Она захохотала — не звонко, не театрально. Её смех пролетел по комнате, как ветерок, пробежал по коже. Вивиан вскинула голову, растрепав волосы — и на мгновение стала такой, какой была когда-то: летающей, быстрой, дерзкой.

— Ты невыносим, Кэмерон, — выдохнула она, качнувшись вперёд и взъерошив ему волосы. Он не увернулся, не замер — только чуть прищурился, как кот, которому понравилось.

— А ты… — Рэйф подался вперёд, почти касаясь её лба своим, — …в этой рубашке, точно хочешь, чтобы я молчал?

— Я хочу, чтобы ты заткнулся, пока не сказал ещё одну глупость, — процедила она, но в уголке её рта снова заиграла улыбка. Примирительная, та, что появляется, когда два человека перестают спорить и начинают просто быть.

— Тогда можно я скажу одну умную?

— Одну, но если она окажется тупой, я выгоню тебя в сад, к воробьям, — Рэйф думал, а потом слегка пожал плечами и произнёс с самой серьёзной миной:
— У тебя волосы пахнут мятой. Даже когда ты злишься, вернее особенно когда злишься.

Он замолчал. Ни шутки, ни сарказма. Сказал — и позволил этому висеть в воздухе, как капля дождя, ещё не коснувшаяся земли. Вивиан, вопреки ожиданиям, не нашла, что ответить. Она снова опустила взгляд, но на этот раз не в сторону окна, а на свои руки, скрещённые на коленях. Провела пальцем по внутренней стороне запястья. Раз, другой. Медленно, как будто пыталась стереть то, что от этого признания защекотало кожу изнутри.
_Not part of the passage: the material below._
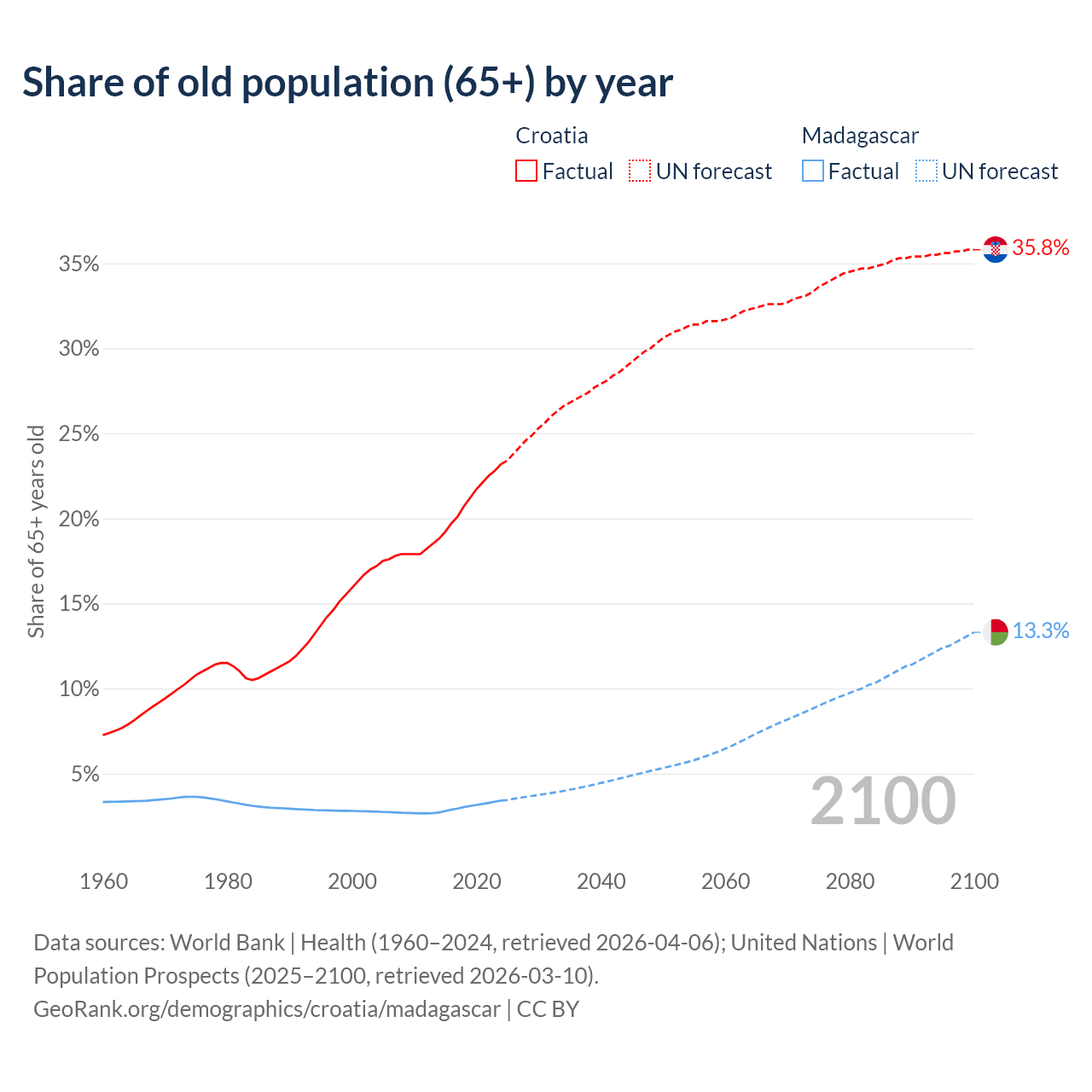 The share of older people aged 65 and over is 23.2% in Croatia and 3.41% in Madagascar. Life expectancy in Croatia compared to Madagascar .

— Я не специально, — пробормотала она. — Просто, шампунь закончился. У Роуз, кажется, остался с мятой.

Рэйф улыбнулся, почти неразличимо, как улыбаются те, кто не хочет пугать.
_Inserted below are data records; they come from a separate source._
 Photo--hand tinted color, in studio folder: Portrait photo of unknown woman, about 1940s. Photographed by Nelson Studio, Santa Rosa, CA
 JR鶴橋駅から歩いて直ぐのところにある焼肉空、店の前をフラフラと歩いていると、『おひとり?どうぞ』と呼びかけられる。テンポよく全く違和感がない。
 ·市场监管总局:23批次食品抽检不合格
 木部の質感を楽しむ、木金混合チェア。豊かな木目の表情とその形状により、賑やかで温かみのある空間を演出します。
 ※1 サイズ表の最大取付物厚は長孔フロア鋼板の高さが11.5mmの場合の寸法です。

— А я думал, ты ведьма. Варишь отвары, насылаешь чары, заставляешь приличных парней сходить с ума.

— Ты — и приличный? — фыркнула она, театрально вскинув брови. — Вот уж что точно не пахнет мятой.

Он рассмеялся, как смеются дети в пижамах, под одеялами, когда боятся, что родители услышат. Этот смех был редкостью — даже для него.
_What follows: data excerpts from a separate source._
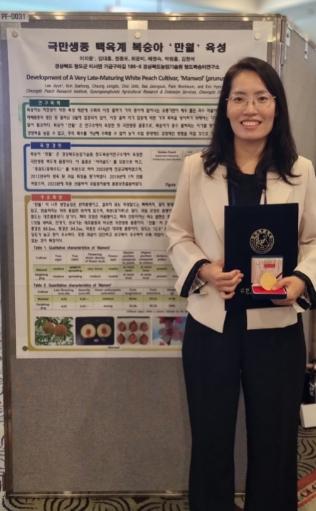 이지윤 박사는 고품질의 우수한 복숭아 품종 다수 개발과 보급 확대에 크게 기여해 미래 한국육종 발전을 견인할 젊은 과학자로 인정받아 본 상을 수상하게 됐다.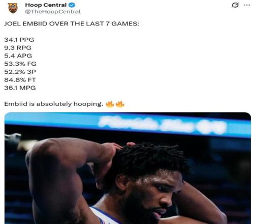 無懼喬治禁賽25場!恩比德狂轟40+11夢回巔峰率隊14戰10勝高歌猛進,超級探花也因禍得福獲得更多機會。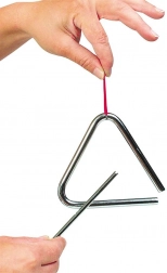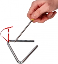 Triangel držite za rdečo vrvico in ga nežno udarite s paličico – tudi mali otroci zlahka izvabijo lep, dolgo odzvanjajoč zvok, ki krepi občutek za ritem.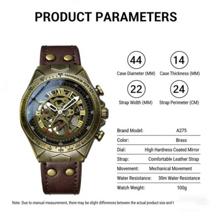 Men’s Vintage Fashion Mechanical Watch – Business Skeleton Brass Wristwatch with Leather Strap(F8-1)
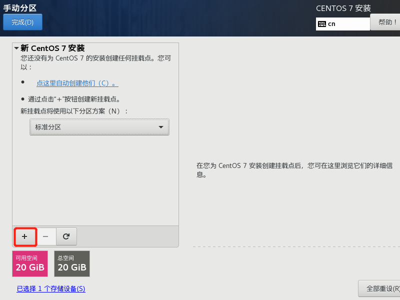 挂载点:/ 期望容量:此处不填默认即可 文件系统:ext4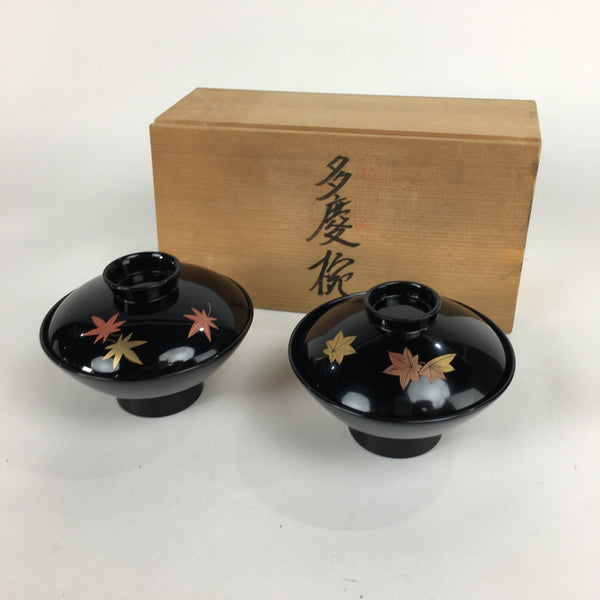 Vtg Japanese Wooden Lacquer Lidded Soup Bowl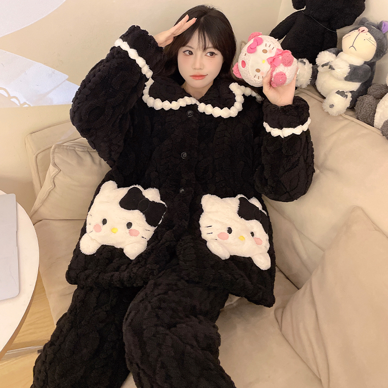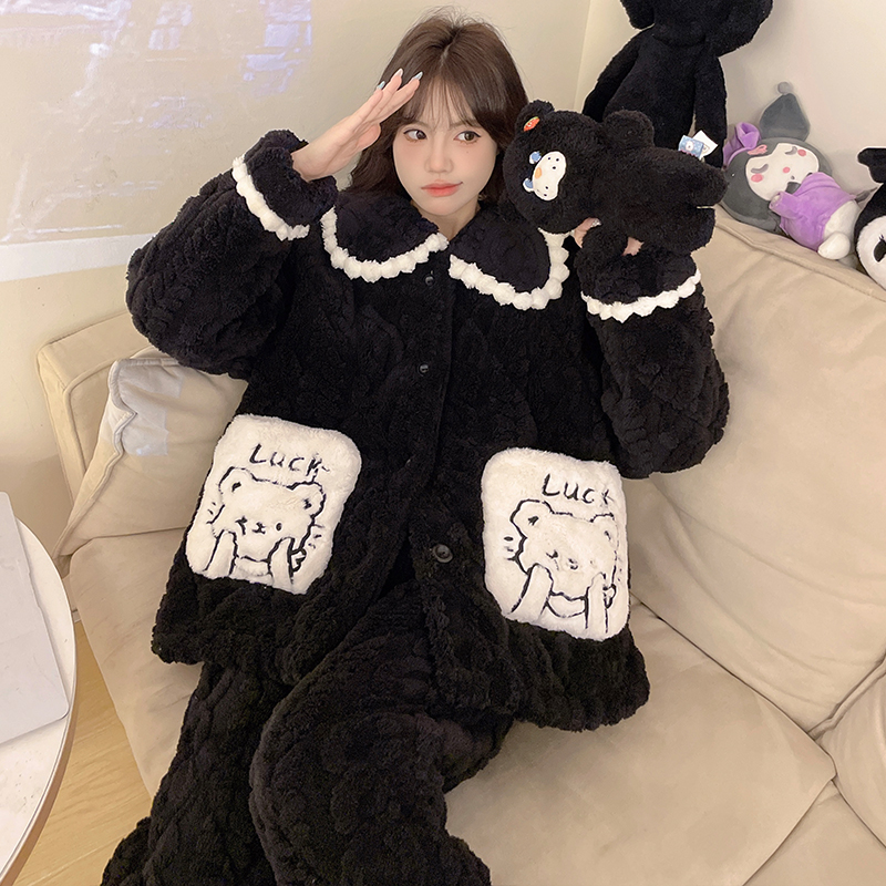 三层夹棉珊瑚绒睡衣女冬季加厚绒法兰绒网红风卡通可爱家居服套装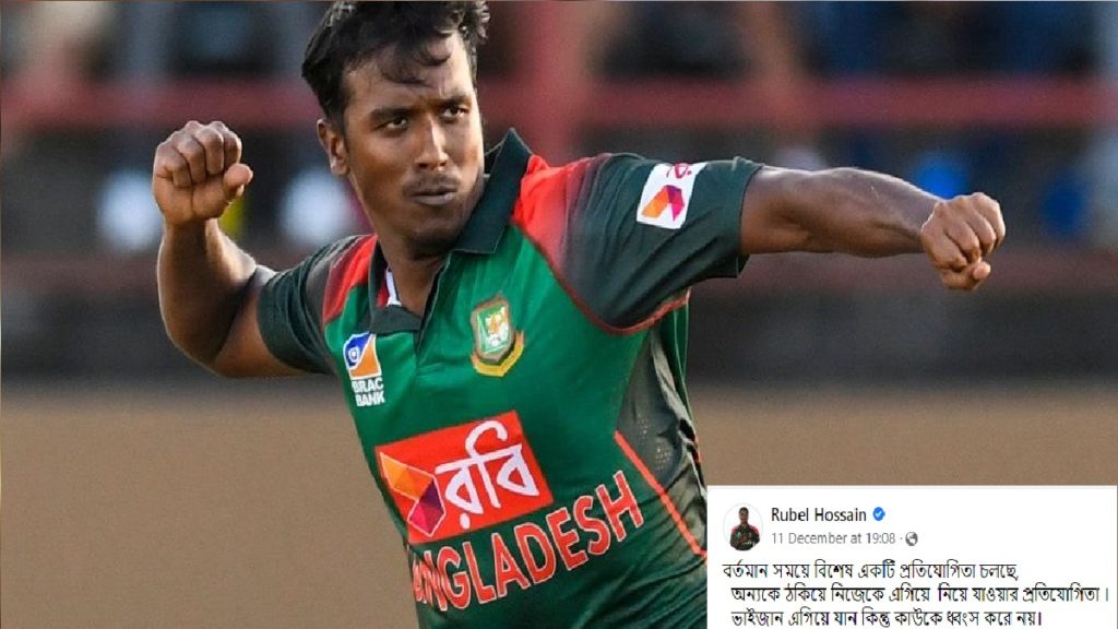 অনেক দিন ধরেই বাংলাদেশ জাতীয় ক্রিকেট দলের বাইরে অন্যতম সেরা পেসার রুবেল হোসেন। সম্প্রতি স্কোয়াডে যুক্ত হলেও কোনো কারণ ছাড়াই বাদ পড়েন তিনি। এমতাবস্থায় সামাজিক যোগাযোগমাধ্যম ফেসবুকে এক স্ট্যাটাস দিয়েছেন এই পেসার। শনিবার (১১ ডিসেম্বর) নিজের ভেরিফায়েড ফেসবুক পেজে তিনি স্ট্যাটাস দেন।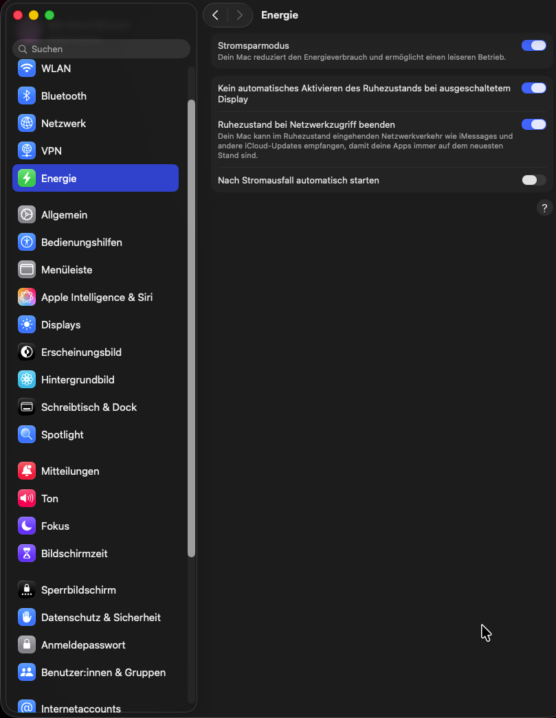 Unter Netzschalter verstehe ich den haptischen Ein-/Ausschalter Tastknopf (Button, Touch ID) am MacBook. Meine Erfahrungen gründen auf einem Dell Laptop bzw. auf dem Mac mini M2, der einen Stromsparmodus enthält, vergleiche bitte:

— Не обижайся, Ви, но ты когда смеёшься, у тебя один глаз дёргается.

— Ты врёшь, — нахмурилась она, поднимаясь на колени, — я смотрелась в зеркало. Всё идеально.

— Это и страшно, — покачал он головой. — Потому что идеальность — скука смертная. А ты, Роутледж… ты — как фейерверк в чужом огороде. Красиво, громко и, возможно, незаконно.

Вивиан залезла на подушку, метнулась к нему с подушкой в руках, но он уже предугадывал удар. Увернулся, перекатился в сторону, ловко, как всегда, а потом — схватил её за талию, чуть притянув к себе, одним рывком, намеренно шутливым, но почти серьёзным.

— Только без насилия, — прошептал он, прижавшись лбом к её виску. — Ты же не хочешь, чтобы я стал жертвой домашнего насилия?

— Ты заслужил это ещё вчера, когда вылил моё кофе, — ответила она, всё ещё смеясь, но уже тише. Уже ближе, уже там, где не надо притворяться.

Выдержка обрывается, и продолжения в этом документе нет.